> _Action item_:
The records below must be reproduced exactly, excluding any pictures.

> _Exercise materials_:
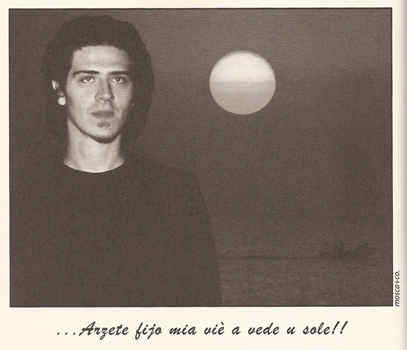Arzete fijo mia viè a vede u sole!! Ancó poi guardallo co l’occhi da bardascio. Lla luce a diciott’anni ancó non te fà dòle. Dopo te ‘vverto che fà de n’erba un fascio!
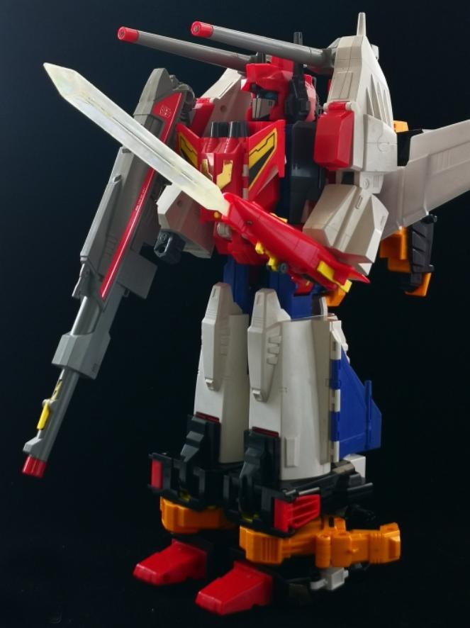 将史达(Saber)腿部简单折叠后就变成大机器人的胸部,然后将背后的大头拉伸扣上,皇者之剑史达(Star Saber)就完成了变形。
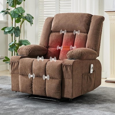 Experience ultimate comfort and relaxation with our Oversized Manual Recliner Chair, designed to elevate your living room experience. This widen overstuffed single sofa offers generous cushioning and support, perfect for unwinding after a long day. Featuring three adjustable positions, you can easily find your ideal angle for reading, watching TV, or taking a nap. Our recliner chair is equipped with advanced massage functions, providing soothing relief to your muscles and promoting relaxation. Enjoy the benefits of a massage recliner chair with heat, designed to enhance comfort and improve circulation. Whether you call it a massage recliner, massage chair recliner, or recliner chair with massage, this chair delivers a premium massage experience right in your home. Convenience is key with two side pockets to keep your essentials within reach and two cup holders to hold your favorite beverages. The manual reclining mechanism ensures smooth and quiet adjustments without the need for power, making it a versatile addition to any living room. Key Features:- Oversized, widen overstuffed design for maximum comfort- Three reclining positions to suit your preference- Integrated massage functions with heat for enhanced relaxation- Two side pockets for convenient storage- Two cup holders for easy access to drinks- Manual recliner for smooth, quiet operation Upgrade your living space with this versatile massage recliner chair that combines comfort, functionality, and style. Perfect for anyone seeking a recliner with heat and massage, this chair is a must-have for your home relaxation needs.
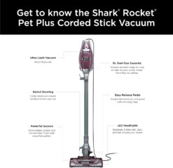 - WHAT’S INCLUDED: Shark Rocket Pet Plus Corded Stick Vacuum, Pet Multi-Tool & Pet Crevice Tool.
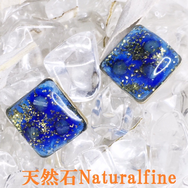 こちらのピアスは、天然石のアベンチュリンをレジン【樹脂】の中にいれ、背景に濃いめのブルーと白を基調にした中に、ゴールド色のラメを入れました!
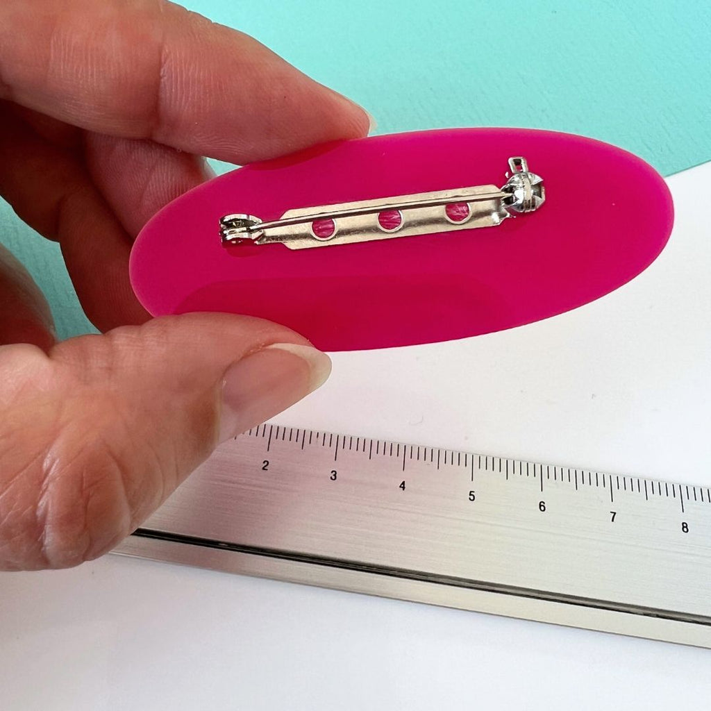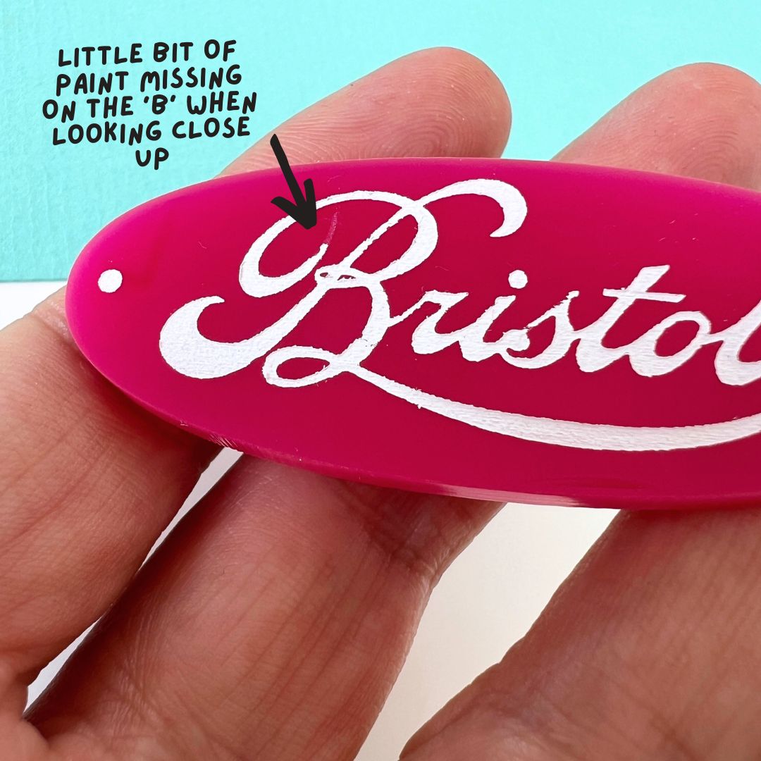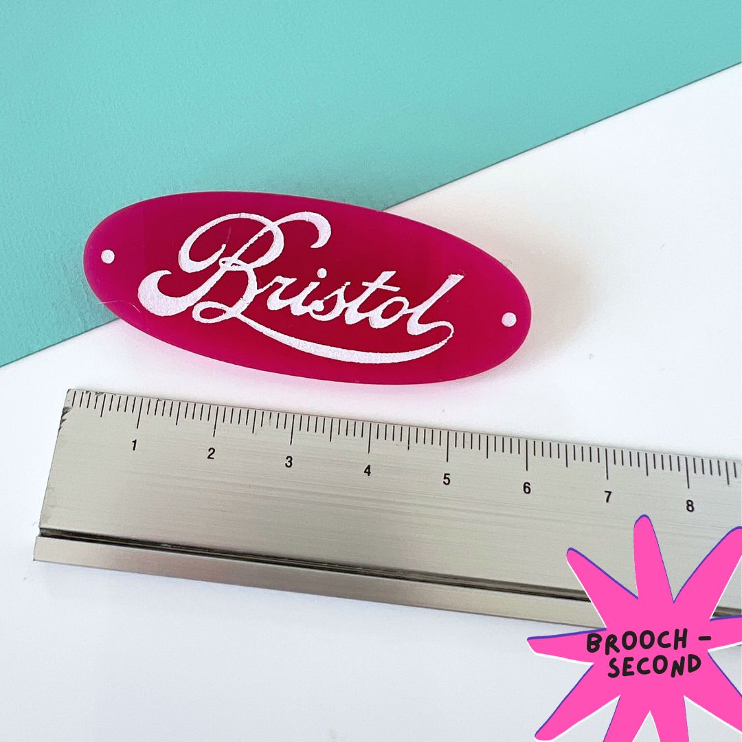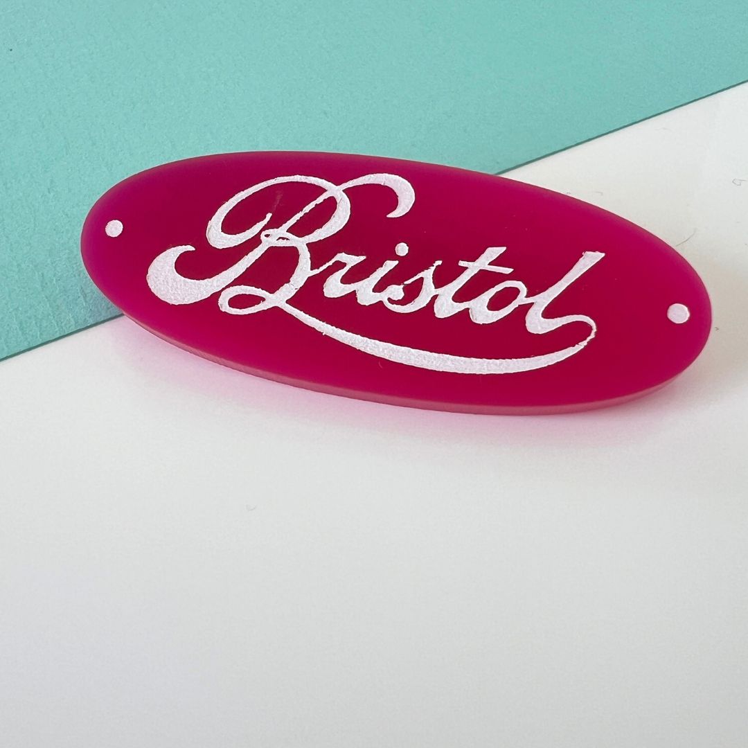 Pink acrylic brooch with white painted 'Bristol' wording in the classic Bristol Motors car font.

> _Answer to this task_:
Arzete fijo mia viè a vede u sole!! Ancó poi guardallo co l’occhi da bardascio. Lla luce a diciott’anni ancó non te fà dòle. Dopo te ‘vverto che fà de n’erba un fascio!
 将史达(Saber)腿部简单折叠后就变成大机器人的胸部,然后将背后的大头拉伸扣上,皇者之剑史达(Star Saber)就完成了变形。
 Experience ultimate comfort and relaxation with our Oversized Manual Recliner Chair, designed to elevate your living room experience. This widen overstuffed single sofa offers generous cushioning and support, perfect for unwinding after a long day. Featuring three adjustable positions, you can easily find your ideal angle for reading, watching TV, or taking a nap. Our recliner chair is equipped with advanced massage functions, providing soothing relief to your muscles and promoting relaxation. Enjoy the benefits of a massage recliner chair with heat, designed to enhance comfort and improve circulation. Whether you call it a massage recliner, massage chair recliner, or recliner chair with massage, this chair delivers a premium massage experience right in your home. Convenience is key with two side pockets to keep your essentials within reach and two cup holders to hold your favorite beverages. The manual reclining mechanism ensures smooth and quiet adjustments without the need for power, making it a versatile addition to any living room. Key Features:- Oversized, widen overstuffed design for maximum comfort- Three reclining positions to suit your preference- Integrated massage functions with heat for enhanced relaxation- Two side pockets for convenient storage- Two cup holders for easy access to drinks- Manual recliner for smooth, quiet operation Upgrade your living space with this versatile massage recliner chair that combines comfort, functionality, and style. Perfect for anyone seeking a recliner with heat and massage, this chair is a must-have for your home relaxation needs.
 - WHAT’S INCLUDED: Shark Rocket Pet Plus Corded Stick Vacuum, Pet Multi-Tool & Pet Crevice Tool.
 こちらのピアスは、天然石のアベンチュリンをレジン【樹脂】の中にいれ、背景に濃いめのブルーと白を基調にした中に、ゴールド色のラメを入れました!
 Pink acrylic brooch with white painted 'Bristol' wording in the classic Bristol Motors car font.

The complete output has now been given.